Advantages of Owning
There are many advantages to home ownership. Unlike renting, where the money you spend monthly on rent does little for you besides give you a place to live, home ownership helps you build savings every month as you slowly build up the ownership in your home by paying off the loan you may have taken out to buy it. This ownership is your home is called equity. More important, long-term, the value of real estate usually increases over the time- which also builds equity.
Let's use an example. In 1999, Mike was paying $1,100/month to rent a town home in Chesterfield. Mike wanted to continue paying around $1,100 per month, so he purchased a home in Ballwin for $130,000 with a bank loan of $130,000. By 2004, Mike 's loan was approximately $124,000. Assuming the home was still only worth $130,000, Mike would have built up $6,000 in savings (equity in the home) over those five years that he wouldn't have had by renting. However, in this case, Mike decided to move in 2004. When he sold his home, Mike received $174,000 for it- because the property had increased in value over those years. As a result, Mike's equity in his home, over five years, was $50,000. Had Mike continued renting, when he moved in 2004 he wouldn't have gotten anything back.
Even without this expected increase in value, paying on a mortgage over 15-30 years can guarantee that you will eventually own your home free and clear. What's more important to understand, is that the equity you are building in your home can be borrowed against at some future time for college expenses, vacations, remodeling the home or almost anything else you might need the money for. You don't have to sell your home, like Mike did, to gain access to that equity.

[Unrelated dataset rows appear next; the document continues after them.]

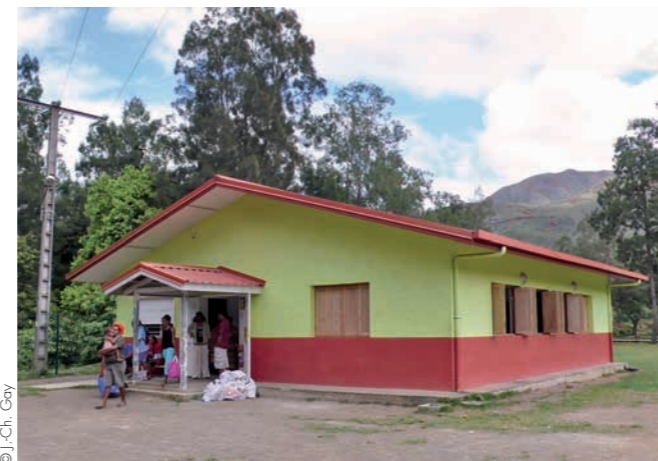
Maison de quartier de Val-Suzon (Dumbéa)

l'agglomération. Une première étape passe par l'émergence à l'échelle communale d'une centralité, mais c'est un vrai défi, en dépit d'une action volontariste qu'on remarque au Mont-Dore, avec un noyau se structurant autour de la mairie et de la poste. Pour le sud de cette commune, le centre commercial de La Coulée constitue un lieu important avec galerie commerciale et supermarché, dernière halte vers le Grand Sud, ses pique-niques et ses bivouacs, tout comme la station-service de Plum où l'on vient faire le plein des bateaux avant de partir sur le lagon. Ce rôle de porte de l'agglomération se retrouve au nord avec le péage de Koutio, lieu de rendez-vous pour ceux qui partent en Brousse ou ceux qui en
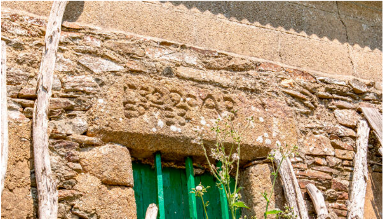
Hameau de la Truchère, édifice oriental, maison et remise.
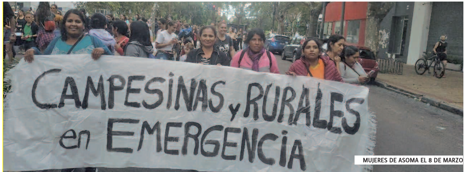
MUJERES DE ASOMA EL 8 DE MARZO

“Nosotros desde Asoma junto a otras organizaciones marchamos el 22 de febrero a Edelap, y ellos se cubren diciendo que no es decisión de la empresa, son normas que ellos están obligados a cum-
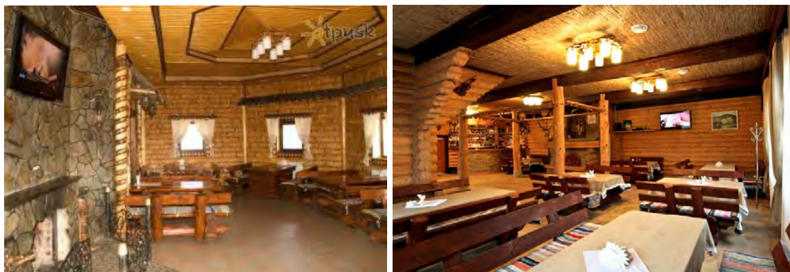
Рис 7. Готель-ресторан "Старий Плай" м. Закарпатська область

Матеріали для облаштування інтер'єрів в етностилі різноманітні, як і національні особливості тієї або іншої країни. Для оздоблення, зазвичай, використовуються або природні матеріали, або їх імітація. Причому імітація має бути фактурною, інколи навіть нарочито грубою, нагадує "необроблену" поверхню.
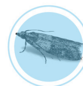
Pragas em produtos armazenados
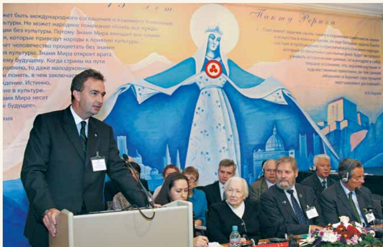
С приветствием выступает Карл фон Габсбург-Лотринген (Австрия)

это прекрасный пример частной инициативы, отличная модель участия неправительственной организации в этой важной государственной задаче. Несомненно, такая инициатива нуждается во всемерной поддержке со стороны государства.
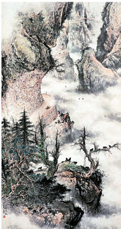
■关山月《新开发的公路》
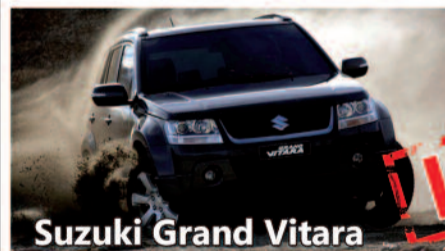
Suzuki Grand Vitara

Of course all benefits to home ownership aren't financially related. When you own your own home you are not subjected to the intrusion of a landlord. Generally no one can tell you what you can and can not do with the property (within legal limits of course). If something is broken you are not at the whim of someone else as to when, how, or why it should be fixed. If you want to paint your walls red, you don't have to get permission from a landlord to do so. If you want to get a cat or dog, again, there is no landlord to tell you no. And a landlord can decide to sell the property and put you out into the street. As a homeowner, you have the security of knowing that you have a place to live, as long as you continue to meet your mortgage and tax obligations.
Shoud You Rent or Buy?
There is no right or wrong answer to this question. Everybody has different needs- and what is right for one person is a disaster for another. However if you are curious if buying a home might be right for you then you can always contact me for a free consultation. Simply call or fill out the form to talk about your options. Finally, don’t make the decision based on someone else’s expectations (parents, family, friends, a real estate agent, etc). This is a decision that only you can make, and only after careful consideration.